### Information provided
· · · · ·

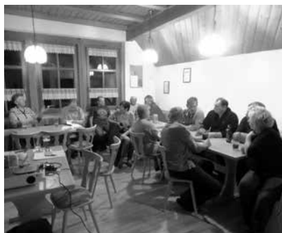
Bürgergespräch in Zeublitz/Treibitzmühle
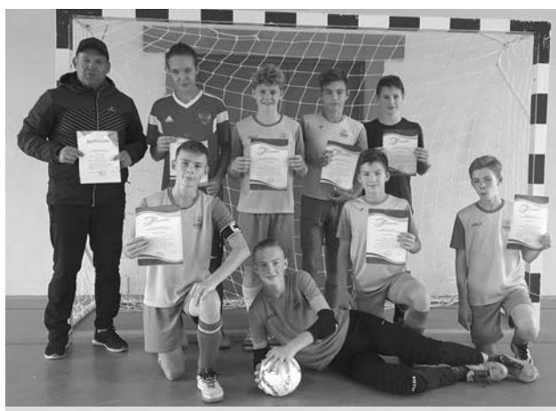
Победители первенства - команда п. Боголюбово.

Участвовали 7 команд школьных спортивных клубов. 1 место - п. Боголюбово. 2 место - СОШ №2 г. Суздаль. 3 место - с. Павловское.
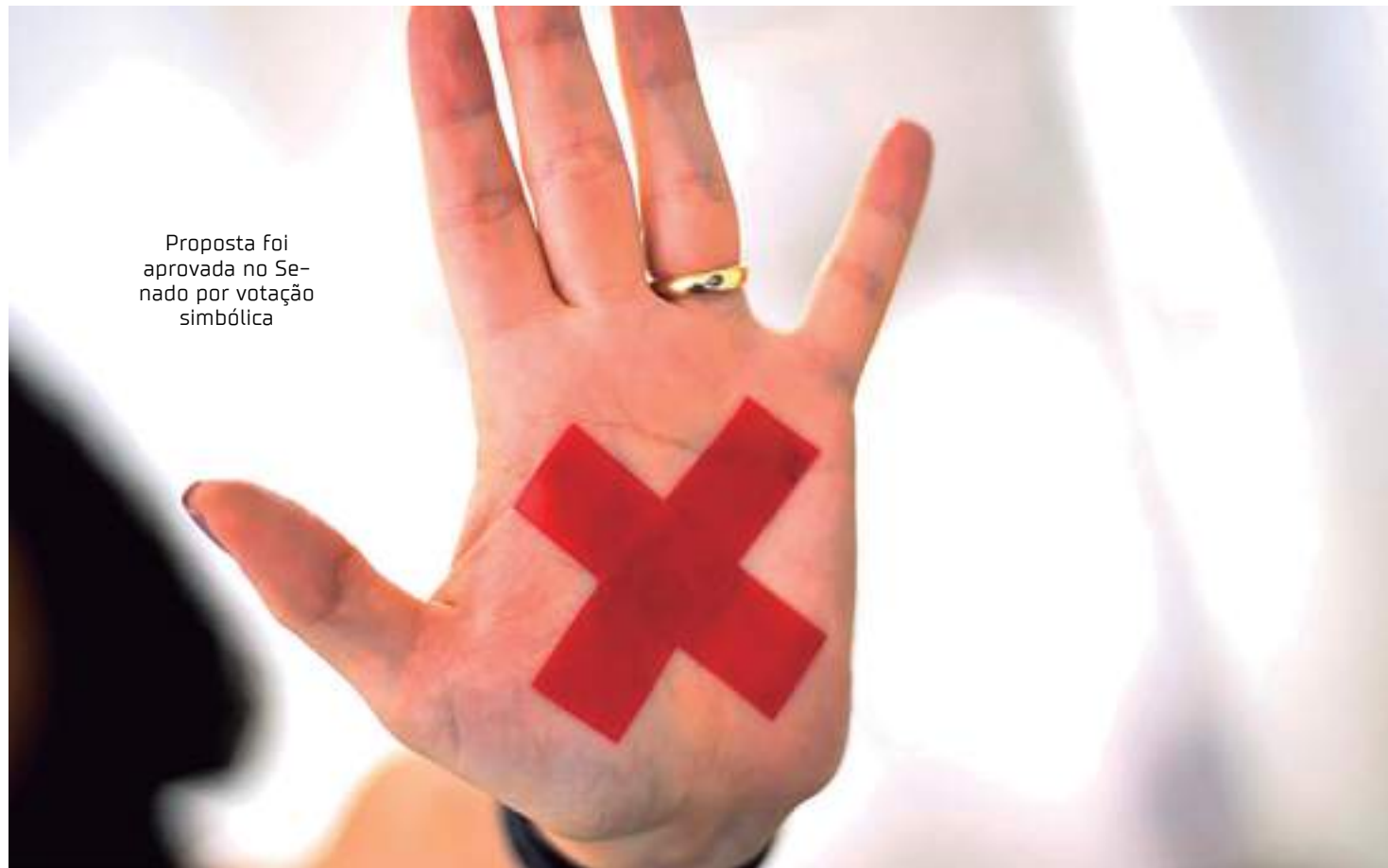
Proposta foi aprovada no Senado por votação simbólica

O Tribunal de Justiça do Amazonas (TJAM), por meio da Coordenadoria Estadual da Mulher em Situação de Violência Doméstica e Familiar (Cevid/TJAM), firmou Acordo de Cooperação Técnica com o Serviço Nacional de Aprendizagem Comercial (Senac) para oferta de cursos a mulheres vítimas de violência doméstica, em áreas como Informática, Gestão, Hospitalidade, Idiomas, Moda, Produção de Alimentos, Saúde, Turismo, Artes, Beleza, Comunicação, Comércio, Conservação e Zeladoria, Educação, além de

· · · · ·

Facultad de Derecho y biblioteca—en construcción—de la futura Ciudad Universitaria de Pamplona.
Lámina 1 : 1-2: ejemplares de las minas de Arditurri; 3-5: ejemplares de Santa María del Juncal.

· · · · ·

Pictures aside, print exactly the lines above starting with the one containing "Bürgergespräch in Zeublitz/Treibitzmühle" and going on through the one containing "O Tribunal de".

### Response below
Bürgergespräch in Zeublitz/Treibitzmühle
Победители первенства - команда п. Боголюбово.

Участвовали 7 команд школьных спортивных клубов. 1 место - п. Боголюбово. 2 место - СОШ №2 г. Суздаль. 3 место - с. Павловское.
Proposta foi aprovada no Senado por votação simbólica

O Tribunal de Justiça do Amazonas (TJAM), por meio da Coordenadoria Estadual da Mulher em Situação de Violência Doméstica e Familiar (Cevid/TJAM), firmou Acordo de Cooperação Técnica com o Serviço Nacional de Aprendizagem Comercial (Senac) para oferta de cursos a mulheres vítimas de violência doméstica, em áreas como Informática, Gestão, Hospitalidade, Idiomas, Moda, Produção de Alimentos, Saúde, Turismo, Artes, Beleza, Comunicação, Comércio, Conservação e Zeladoria, Educação, além de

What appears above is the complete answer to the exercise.